As mentioned in the [Getting Started](./1_getting_started.ipynb) notebook, `pydaddy` allows us to check if all underlying assumptions for fitting a drift-diffusion model are met. In case for 2D, the `noise_diagnostics()` functions creates the following plots:
- The distribution of the noise, along with the correlation matrix as an inset. The residual distribution should be an isotropic Gaussian distribution, and the correlation matrix should be identitity
- Autocorrelation of the components of residuals $\eta_x$, $\eta_y$. These should be uncorrelated, i.e. the autocorrelation times should be close to 0.
- QQ plots of the marginals $\eta_x$ and $\eta_y$ against theoretical Gaussian distributions of the same mean and variance.

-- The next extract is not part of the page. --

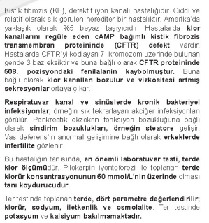 Kistik fibrozda CFTR klorür kanalı kusurludur ve klorürün ter kanalı hücreleri tarafından yeniden emilmesine izin vermez. Sonuç olarak kanalda daha fazla sodyum kalır ve terde daha fazla klorür kalır. Bu nedenle kistik fibrozlu kişilerde terdeki klorür konsantrasyonu yükselir.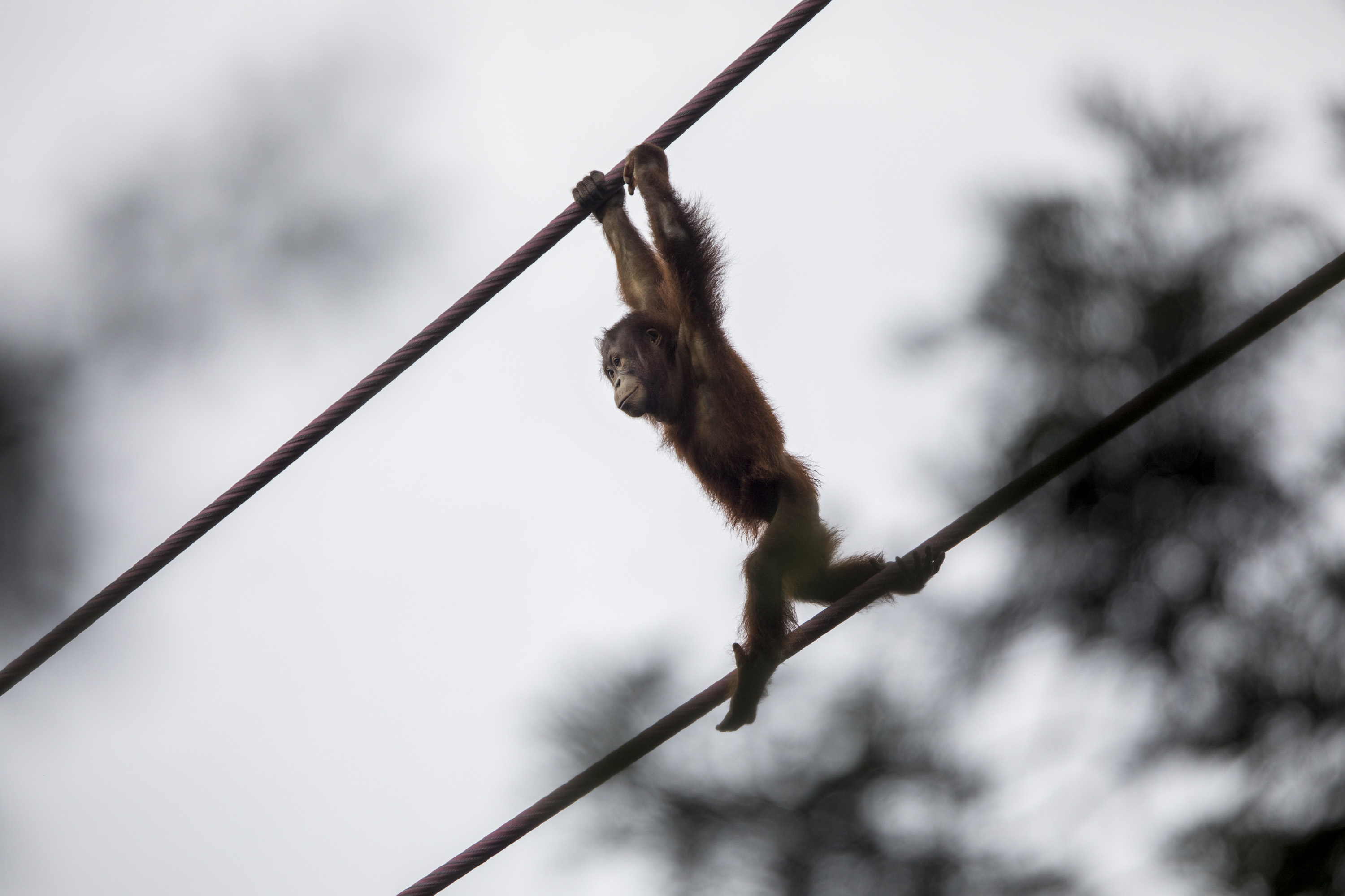 One of the Bornean orangutans crosses the O-Line, the 50-foot-high suspended cable track at the National Zoo. “It feels great. It feels so nice to be able to just take a walk through the zoo and enjoy seeing animals if I can…I think it is an amazing place, and I think Washington, D.C. is very lucky to have this institution here,” said Bridget Watts, a resident of the District.

Ideally (i.e. if the residuals are Gaussian distributed), all points of these plots should fall on a straight line of slope 1.

In [None]:
ddsde.noise_diagnostics()

The `model_diagnostics()` functions checks if the model is self-consistent. 

To do this, a simulated time series, with the same length and sampling time as the original time series, is generated by integrating the discovered SDE. The drift and diffusion functions are now re-estimated from this simulated time series, with the same fitting parameters as the original fit. If the model is self-consistent, the re-estimated drift and diffusion functions should match the original drift and diffusion.

(Note: This might take a few minutes to complete)

In [None]:
ddsde.model_diagnostics(oversample=5)